Ana Joaquina dos Santos y Silva also referred to as Dona Ana Mulata was female slave trader who was very active in the transatlantic slave trade business. She is perhaps the biggest female slave trader in Angola in the 1830’s.
Ana Joaquina dos Santos y Silva was Born in Luanda around 1788, to a Portuguese father Joaquim de Santa Ana Nobre dos Santos and an Afro-Portuguese mother Dona Tereza de Jesus. She was literate so she enjoyed a position and great prestige in the Angolan society in the mid-19th century.
Ana Joaquina dos Santos y Silva was a member of the privileged Afro-Portuguese class who had a leading position within the business community of Portuguese Luanda, where white Europeans consisted of a mere thousand people at the time.

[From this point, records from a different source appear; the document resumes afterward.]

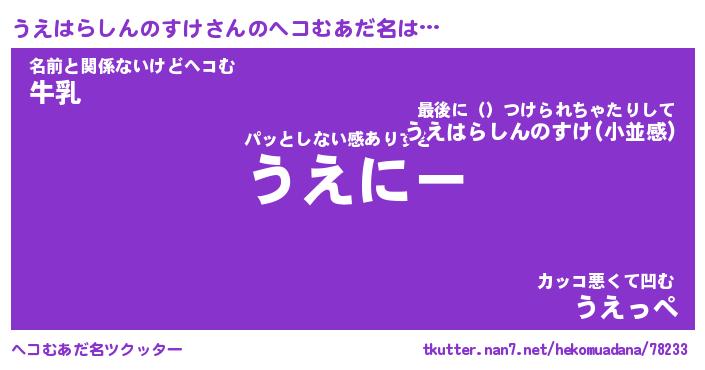 | 意味不明あだ名 | 『ペロリンうえはらしんのすけ』 |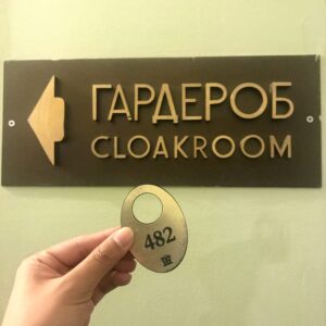 一到大廳,我跟著人群寄放外套,拿到一塊小小的金屬鑰匙牌。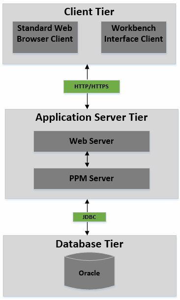 Browser clients use HTTP or HTTPS (HTTPS requires an external Web server) to communicate with the OpenText PPM Web and application servers. PPM Workbench clients (Java™ applet) use Remote Method Invocation (RMI). The following sections provide information about each tier.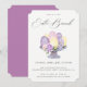 Huevo de Pascua y exposición floral, invitación a Brunch de Pascua. La parte posterior de la tarjeta cuenta con la coordinación del color púrpura sólido.

Throughout her life, she married, successfully, first she married Colonel João Rodrigues, with whom she had a daughter, her second marriage was with the prosperous Portuguese businessman Joaquim Ferreira Santos Silva, with whom she shared the administration of his business and, after his death, assumed full control of his business.
She was one of the leading slave traders of the booming slave trade between Angola and the Empire of Brazil in the 1830s- and 40s. The slave trade was formally banned in 1836, but continued in practice in Angola, where the economy was dominated by it.

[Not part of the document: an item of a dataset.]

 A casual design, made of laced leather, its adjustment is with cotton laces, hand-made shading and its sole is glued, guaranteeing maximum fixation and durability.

Dos Santos y Silva owned several plantations for sugar and coffee, and owned hundreds of slaves who worked those plantations. She also owned several slave ships that circulated from the ports of Luanda and Benguela to Baia, Recife, Rio de Janeiro, it’s believed that she also traveled as far as Uruguay and Portugal to supply the slave markets in Montevideo and Lisbon.
In 1843, she also worked with sertanejos and pombeiros in the capture of slaves in the interior, in partnership with Portuguese merchants.
When Brazil banned slave trade in 1850 and the trade in black Africans was discontinued, she had established herself as a successful banker, investor and financier of merchants, authorities and transport business.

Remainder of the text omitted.